Hoje apeteceu-me mexer-lhe. Fui reler estes parágrafos, descobri que continuo a gostar deles. Voltei a alterar uma coisita ou outra, como faço sempre que pego nalgum texto. A writer's work os never done.
Chama-se desde sempre Senhora do Rio - já assim era muito antes da Phillipa Gregory ter um com um nome parecido. E é, claro, fantasia. Tem, texto original, 371 páginas A4.
Um dia arejo-o.
Por ora, aqui vai.
A manhã chegava devagar, agreste
mas prenhe de luz e promessa. Uma brisa ligeira trazia dos altos picos o frio das
neves eternas, que se propagava no ar limpo da madrugada e arrastava dos campos
os odores estimulantes da erva nova e da terra molhada. Os perfumes riam-se do
gelo, amaciando o ar e anunciando para breve a chegada do verão. O sol revelava-se
pouco a pouco em violetas e dourados suaves, os raios deslizando nas encostas,
acendendo lentamente os contornos ferozes das montanhas. Fazia-as maiores, mais
poderosas.
De pé na torre de vigia, Gunthur
arrepiou-se.

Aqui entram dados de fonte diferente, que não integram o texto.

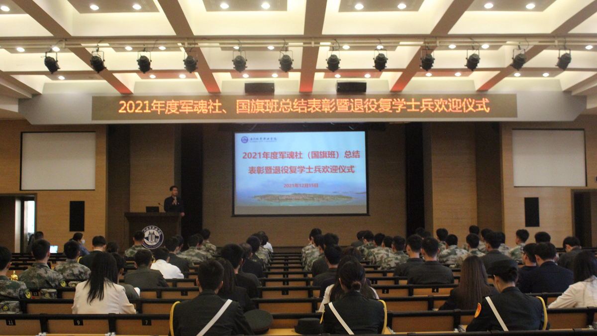 12月15日,学校2021年度军魂社国旗班总结表彰暨军训教官动员大会在会议一举行。校党委副书记王育培、学生处相关负责人、军事教研室相关老师以及全体退役复学士兵学生、国旗班成员参加大会。

Esfregou os olhos cansados. Desistira de lutar outra vez para
adormecer. Em vez disso, obedecera ao desejo de ver o seu reino despertar, de
ver a sua gente chegar à cidade. Era madrugadora, a sua gente, a maioria
levantara-se das suas camas de madeira rude ou de palha fresca muito antes do
romper da manhã. Chegavam primeiro os que tinham a sorte de possuir alguma pequena
carroça e um burro. Gunthur viu-os subir pesadamente, rodas chiando, uma
procissão modesta e silenciosa. Mais tarde, quando o sol começasse a aquecer as
pedras do castelo, viriam os outros, os que viajavam de mais longe, de outras
encostas nesse seu reino, e os que, sem o auxílio de uma besta que os ajudasse
a carregar o seu fardo, arrastavam as liteiras com os seus produtos com a força
dos próprios braços. Vinham como se o
caminho não lhes pesasse, as pernas fortes habituadas ao esforço de trepar o
íngreme caminho, montanha acima, em direção ao mercado que se organizava
diariamente à sombra do Palácio, dentro da Muralha Real. Era mais fácil agora, depois
do degelo, quando os pés já não se enterravam na neve até esta encher as botas,
a queimar a pele e fazer doer os
artelhos.
1 comentário:
Bem, se este foi o primeiro livro que escreveste, eu fico com inveja. Está bem escrito e as descrições estão muito boas. Só não gosto é de livros que começam por descrever paisagens/meteorologia. :D Fora isso, já escrevias bem desde o início.